# DATA SECTION:

■ ■ ■ ■ ■ ■ ■

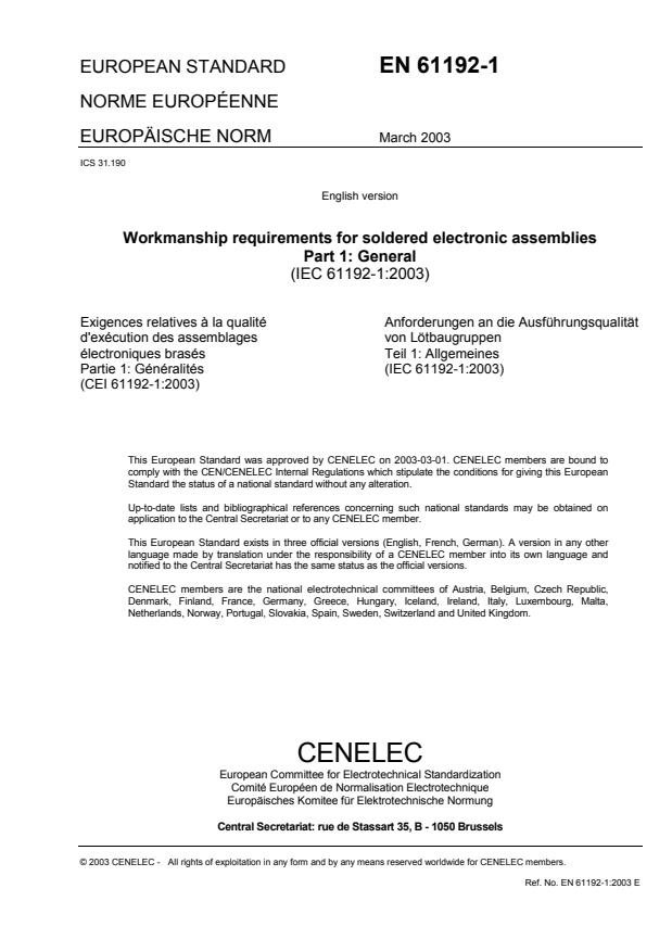EN 61192-1:2003 is a standard published by CLC. Its full title is "Workmanship requirements for soldered electronic assemblies - Part 1: General". This standard covers: Specifies general requirements for workmanship in soldered electronic assemblies on printed boards and on similar laminates attached to the surface(s) of organic substrates. Defines requirements and guidelines for good workmanship and practice in the preparation, soldering, inspection and testing of electronic and electrical assemblies. Enables achievement of high yields and high product quality through process control in production.
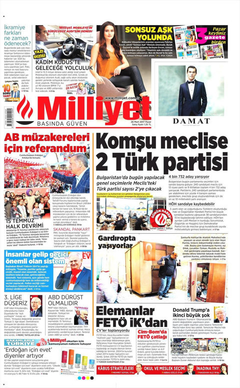 26 Mart 2017 Pazar gününün gazete manşetleri çıktı. Bugünkü Hürriyet Gazetesi, Sözcü Gazetesi, Sabah ve Habertürk gazetesi manşetlerinde neler var sizler için derledik. Hürriyet Gazetesi manşeti ile başlayalım. Hürriyet Gazetesi 26 Mart manşetini 'İnanılmaz fedakarlık' başlığıyla attı. Star Gazetesi ise manşetine 'Türk babayı yıkan soru' yazdı. HaberTürk Gazetesi manşetini 'Saygısızlık' başlığıyla, Ömer Halis Demir'e ayırdı. Milliyet bugünkü manşetine 'Komşu meclisa 2 Türk partisi' başlığını aldı. Sabah Gazetesi 'Oyunlar bozulacak Türkiye kazanacak' manşeti ile çıkarken, Akşam 'MİT çiftliği izliyor' haberini öne aldı. Vatan gazetesi annesi erkek çıkan genç kızı 'Kabus gibi' başlığıyla manşetine taşıdı. Sözcü Gazetesi'nin bugünkü manşetinde ise 'FETÖ'cü memur, polis, davulcu, zurnacı var! Ama vekil yokmuş' başlığıyla dikkat çekiyor. BirGün Gazetesi ile birlikte Fotomaç ve Fotospor gazetelerinin bugünkü manşetleri de şöyle;
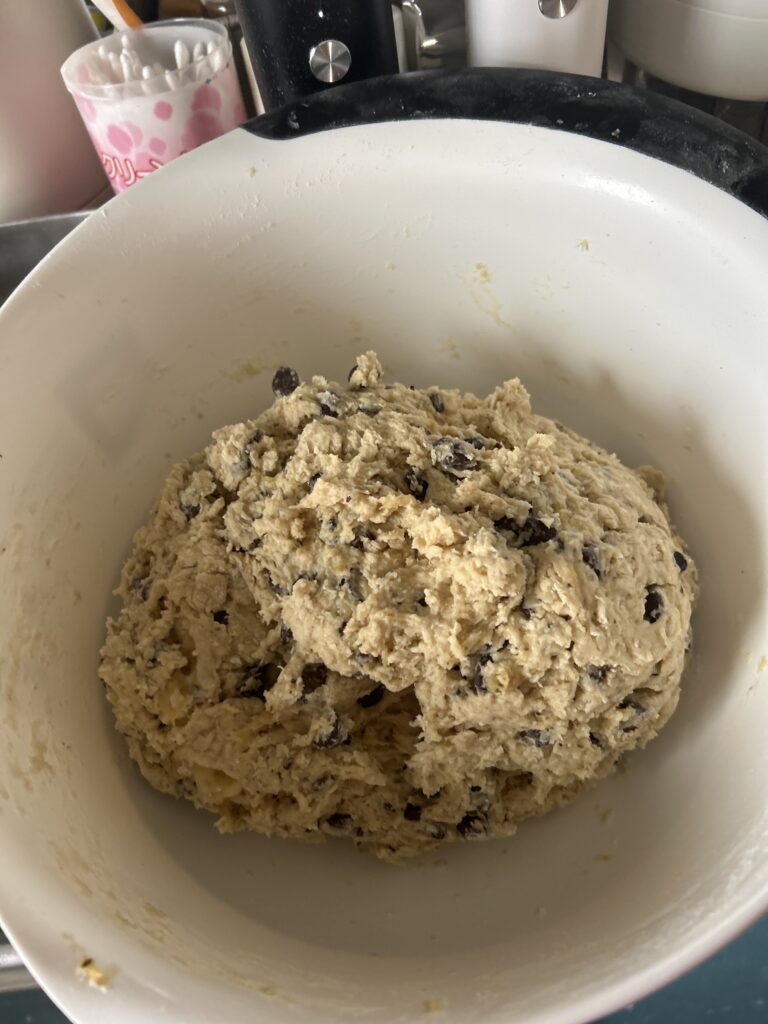 バナナをたくさんいただいたので、チョコとバナナを混ぜてスコーンを焼いた☺️美味しいと喜んでくれた!また作って〜と言われてニコニコの笑顔が可愛かった☺️

■ ■ ■ ■ ■ ■ ■

# EXERCISE PROMPT:
Restate word for word, please, the line containing "26 Mart 2017" and all lines after it through the end of the material; the pictures do not belong in the copy.

# SOLUTION:
 26 Mart 2017 Pazar gününün gazete manşetleri çıktı. Bugünkü Hürriyet Gazetesi, Sözcü Gazetesi, Sabah ve Habertürk gazetesi manşetlerinde neler var sizler için derledik. Hürriyet Gazetesi manşeti ile başlayalım. Hürriyet Gazetesi 26 Mart manşetini 'İnanılmaz fedakarlık' başlığıyla attı. Star Gazetesi ise manşetine 'Türk babayı yıkan soru' yazdı. HaberTürk Gazetesi manşetini 'Saygısızlık' başlığıyla, Ömer Halis Demir'e ayırdı. Milliyet bugünkü manşetine 'Komşu meclisa 2 Türk partisi' başlığını aldı. Sabah Gazetesi 'Oyunlar bozulacak Türkiye kazanacak' manşeti ile çıkarken, Akşam 'MİT çiftliği izliyor' haberini öne aldı. Vatan gazetesi annesi erkek çıkan genç kızı 'Kabus gibi' başlığıyla manşetine taşıdı. Sözcü Gazetesi'nin bugünkü manşetinde ise 'FETÖ'cü memur, polis, davulcu, zurnacı var! Ama vekil yokmuş' başlığıyla dikkat çekiyor. BirGün Gazetesi ile birlikte Fotomaç ve Fotospor gazetelerinin bugünkü manşetleri de şöyle;
 バナナをたくさんいただいたので、チョコとバナナを混ぜてスコーンを焼いた☺️美味しいと喜んでくれた!また作って〜と言われてニコニコの笑顔が可愛かった☺️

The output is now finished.